Journal of Northeast Texas Archaeology




"I had a farm in Africa," the opening line of the movie Out of Africa, always reminds me of my little farm in East Texas and what it has meant to me during the 25 years we have been associated. Owning land, particularly when you are relying on it to provide your livelihood, can be a very gratifying (and humbling) experience. Since the land and I are now enjoying a well-deserved rest, I have had time to reflect on our relationship and to wonder how people before me related to the land, especially on these upland settings. Why people choose to settle on any given landscape can be the result of a multitude of factors, environmental as well as social, political, or ideological. I know from scattered remains of tenant houses that my farm was cultivated before me at least back to the mid -19th century. While I have not conducted any formal archaeological survey of my 300 acres in Smith County, I have been observant as I have wandered around on my place. From time to time, as the surface has been exposed from farming or timber operations, I have noted artifacts indicating the presence of past occupations. I am sure as time goes on I will find other sites on my farm.

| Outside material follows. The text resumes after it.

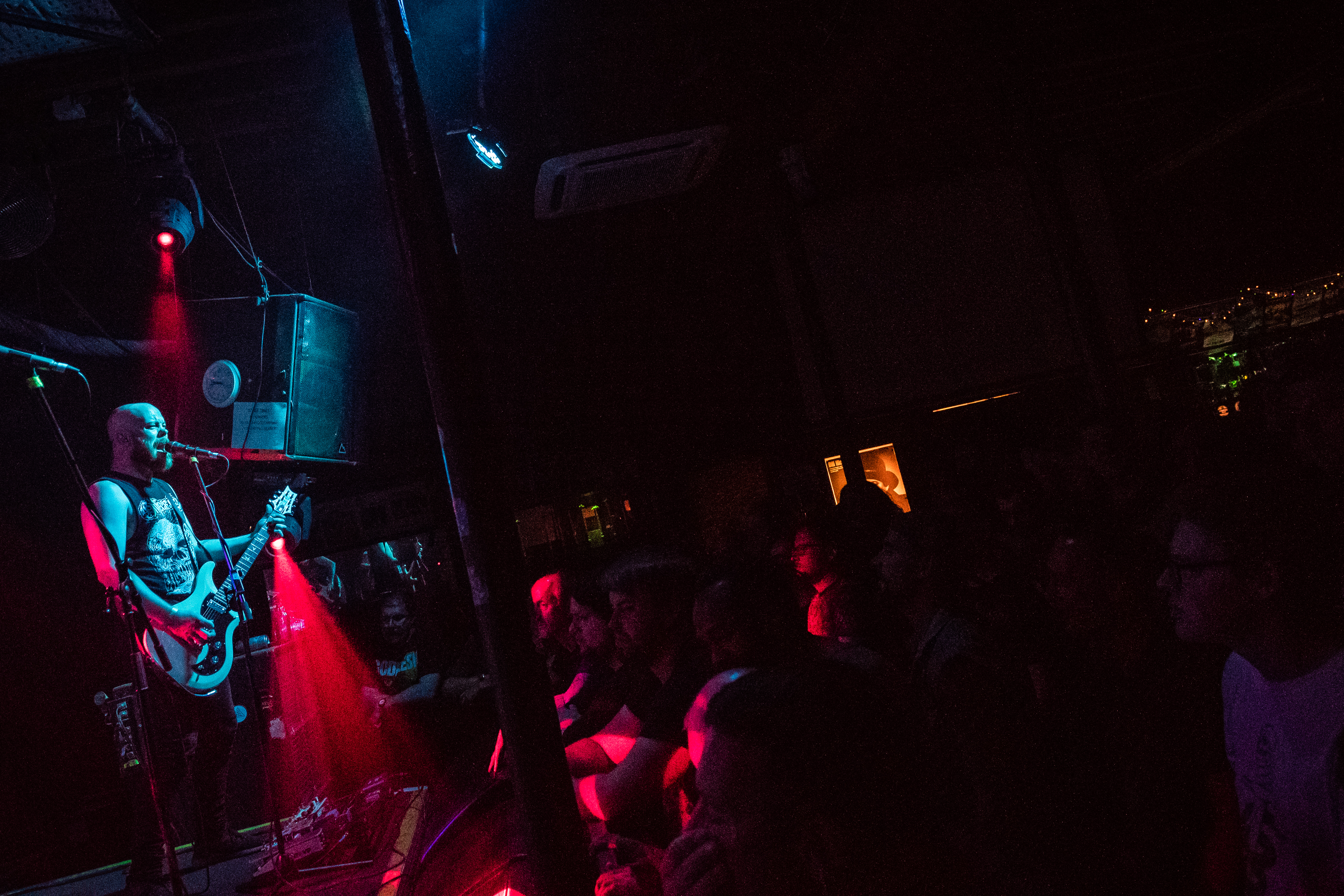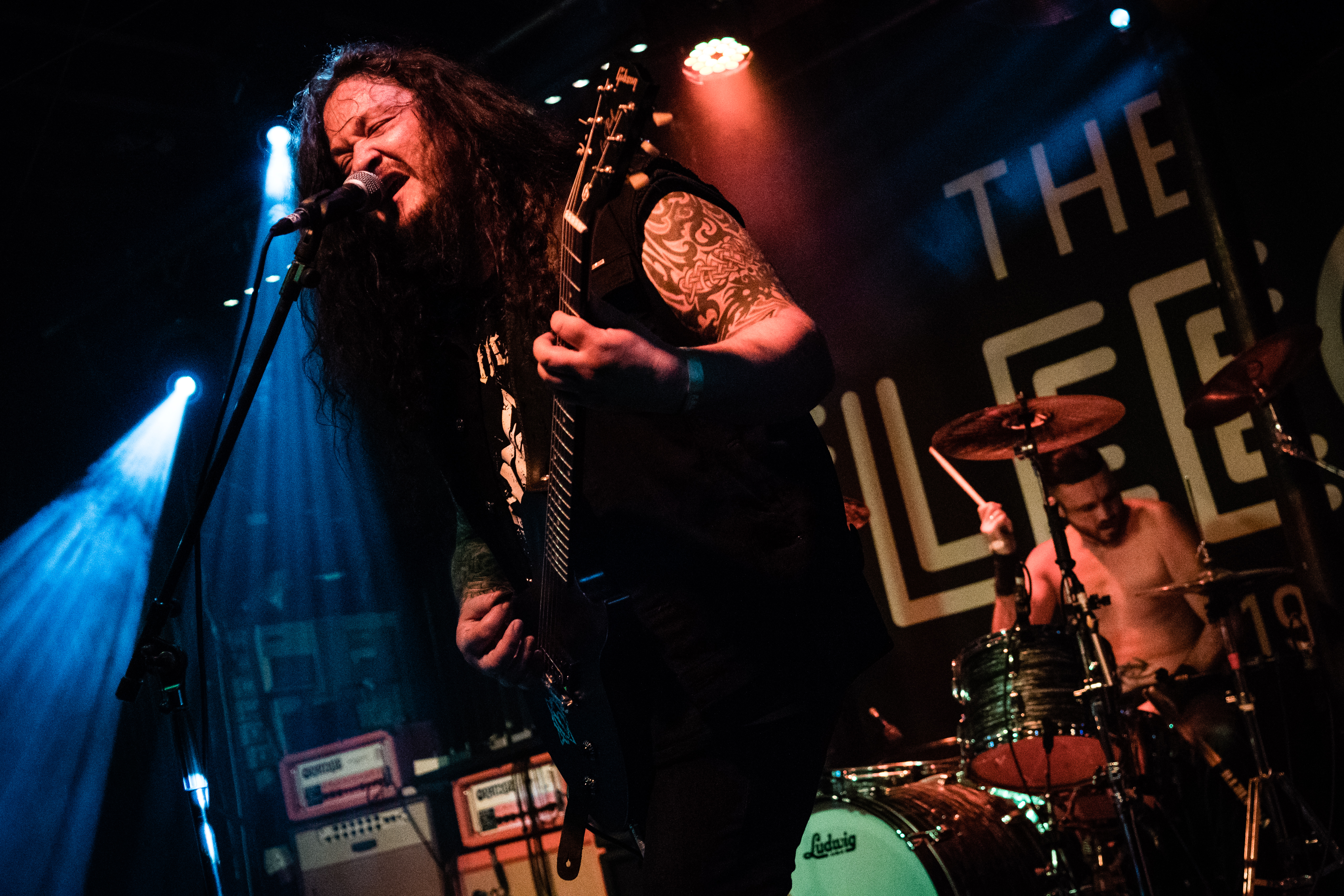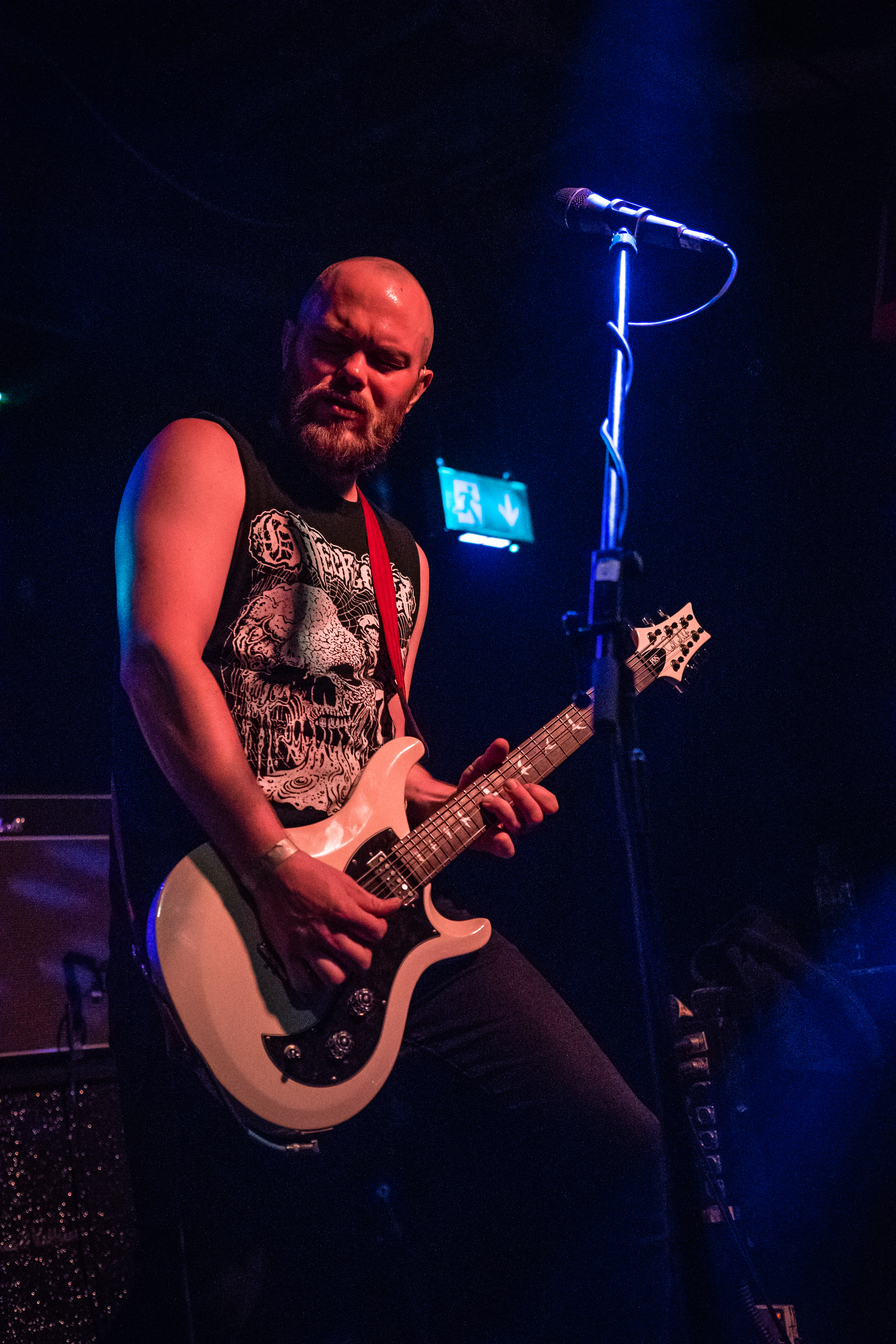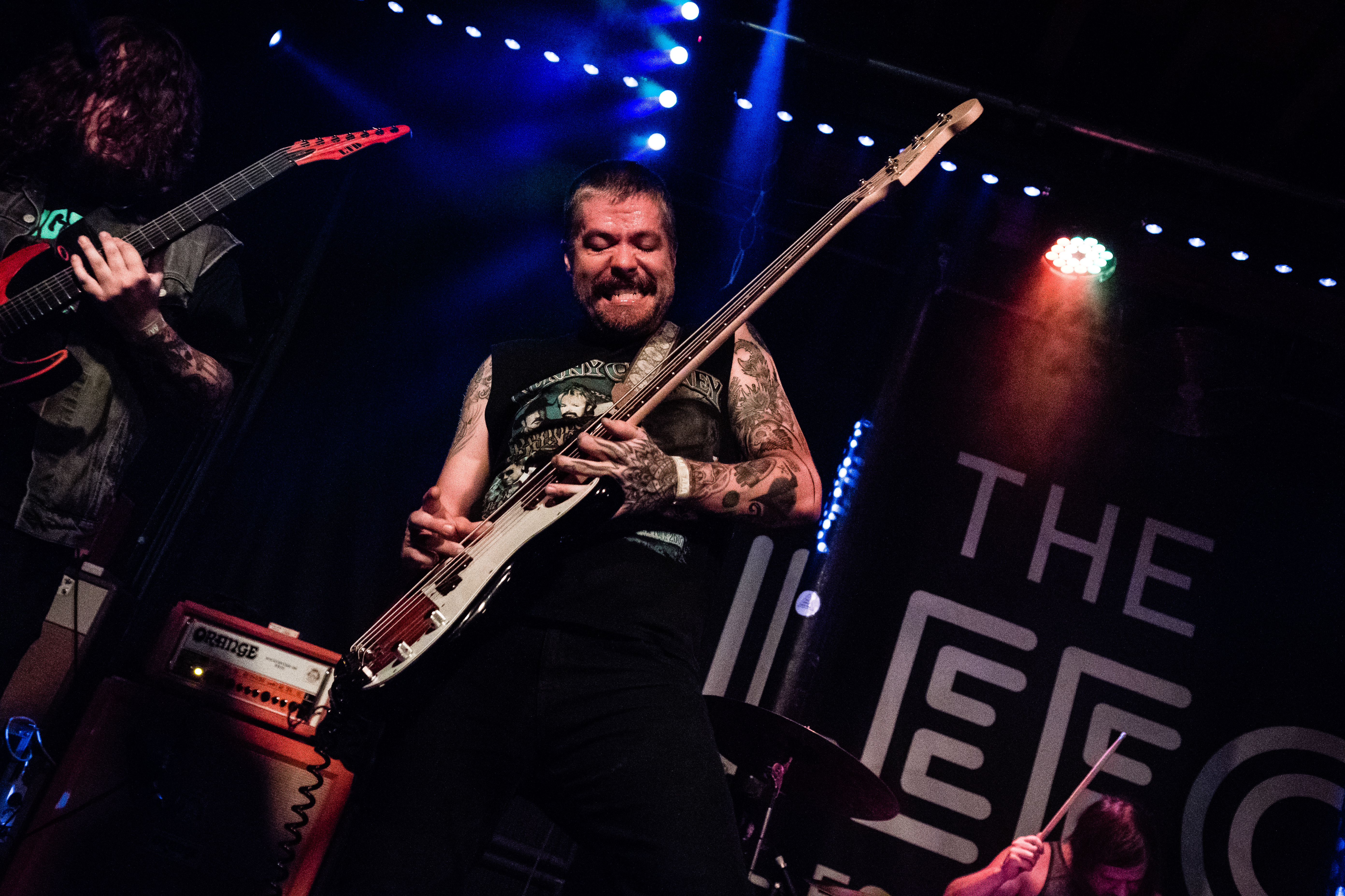 Is there anything worse than technical issues? It’s never a nice thing for a band to experience them, especially before they’ve played a note, but PALLBEARER more than make up for it once mic packs are sorted and frequencies fixed. From the moment that Watcher in the Dark begins its slow, methodical build up to the crushing riffs and soundscapes we all know and love, The Fleece falls under the spell of one of the greatest bands to have broken through in the last few years, and one that will get even bigger. New single Drop Out sounds even more massive live and Dancing With Madness is the absolute highlight of a rousing set that takes everyone inside to another plane of reality completely. The charisma of bassist Joe Rowland adds extra gravity, his gurns and grimaces somehow making things even heavier again as PALLBEARER bulldoze their way through Thorns and Foreigner, the latter of which has the walls physically shaking with the sheer volume pumped out of the speakers. GODTHRYMM‘s Hamish Glencross joins the band onstage for the last two songs, namely Given to the Grave and Devoid of Redemption, and the third guitar add an extra layer that is appreciated by all who are present. It might only be an eight song set, but the journey that PALLBEARER take you on in that time is something that needs to be experienced in the flesh to be truly understood, and if they’re on this sort of form at Bloodstock Festival in a couple of weeks, there might not be a band playing that weekend who’ll top them.

As far as the archaeology on the Walters Farm, I would like to draw attention to what I believe was a substantial prehistoric occupation by peoples with a distinctive culture with a preference for upland settings on the landscape as well as a material culture represented by Williams, Palmillas, and Rice Lobed-like points, made from exotic cherts, and ground stone tools. To distinguish this unique archaeological assemblage I am calling this prehistoric occupation at sites the Browning phase. Browning phase sites are Archaic sites that occur on upland settings usually long distances from water and have a tool kit of large well-made square, expanding, and incurving (or bifurcated) base dart points including numerous examples of Williams, Palmillas, and Rice Lobed-like points. They are made predominately of exotic chert materials. Ground stone tools are found on Browning phase sites. The number of points at some of these locations certainly indicate a major occupation or a series of seasonal occupations.